League of Ireland First Division
- Season: 2001–02
- Champions: Drogheda United
- Top goalscorer: Kevin McHugh (Finn Harps) 27 goals

= 2001–02 League of Ireland First Division =

The 2001–02 League of Ireland First Division season was the 17th season of the League of Ireland First Division.

==Overview==
The First Division was contested by 10 teams and Drogheda United won the division. The 2002–03 season would see the League of Ireland First Division expanded from 10 to 12 teams.
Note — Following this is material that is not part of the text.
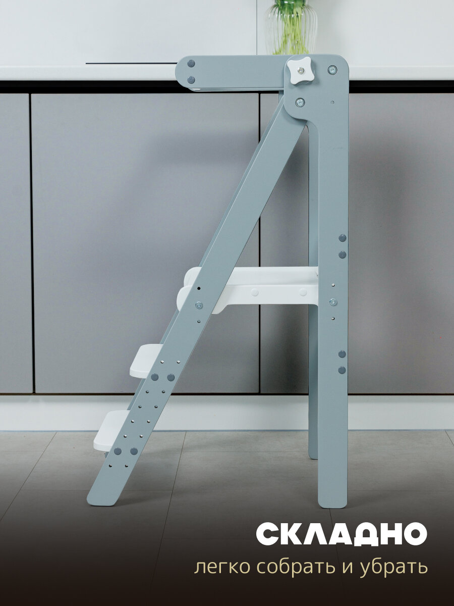 Купить Башня помощника Монтессори "КОМФОРТ" + доска-ограничитель "Pappado", цвет серый + белый, 40х52х90 см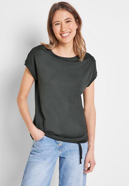 Feel free! Feminines Damen T-Shirt von CECIL mit U-Boot Ausschnitt. Das Tunnelzugband im Saum und der Kurzarm sorgen für einen bequemen Fit. Hingucker sind die Raffungen auf den Schultern, die dem unifarbenen Shirt seinen ganz individuellen Look geben. T-Shirt Unifarbe Tunnelzugband im Saum U -Boot Ausschnitt Geraffte Schultern Maße bei EU-Größe M ca.. Länge 67 cm, Brust 110 cm, Saumweite 112 cm Material: 50% Modal, 50% Baumwolle

As a result, the runners-up, Finn Harps F.C. were not automatically promoted as in previous seasons.

==Final table==

| Pos | Team | Pld | W | D | L | GF | GA | GD | Pts | Promotion or relegation |
| 1 | Drogheda United F.C. | 32 | 14 | 16 | 2 | 53 | 28 | +25 | 58 | Promoted to Premier Division |
| 2 | Finn Harps F.C. | 32 | 15 | 9 | 8 | 51 | 47 | +4 | 54 | Lost promotion/relegation play-off |
| 3 | Dublin City F.C. | 32 | 15 | 8 | 9 | 55 | 46 | +9 | 53 |  |
| 4 | Waterford United F.C. | 32 | 13 | 12 | 7 | 47 | 35 | +12 | 48 |
| 5 | Kilkenny City A.F.C. | 32 | 12 | 9 | 11 | 47 | 39 | +8 | 45 |
| 6 | Sligo Rovers F.C. | 32 | 8 | 9 | 15 | 35 | 48 | −13 | 33 |
| 7 | Athlone Town A.F.C. | 32 | 7 | 11 | 14 | 40 | 53 | −13 | 32 |
| 8 | Cobh Ramblers F.C. | 32 | 8 | 7 | 17 | 32 | 42 | −10 | 31 |
| 9 | Limerick F.C. | 32 | 8 | 7 | 17 | 32 | 54 | −22 | 31 |
| 10 | St. Francis F.C. | 0 | 0 | 0 | 0 | 0 | 0 | 0 | 0 | Resigned |

==Promotion/relegation play-off==
Second placed Finn Harps played off against Longford Town who finished in ninth place in the 2001–02 League of Ireland Premier Division. The winner would compete in the 2002–03 League of Ireland Premier Division.

=== 1st leg ===
20 April 2002
Longford Town 1-0 Finn Harps

=== 2nd leg ===
23 April 2002
Finn Harps 3-2 Longford Town

Longford Town win 6-5 on penalties after extra time and retain their place in the Premier Division.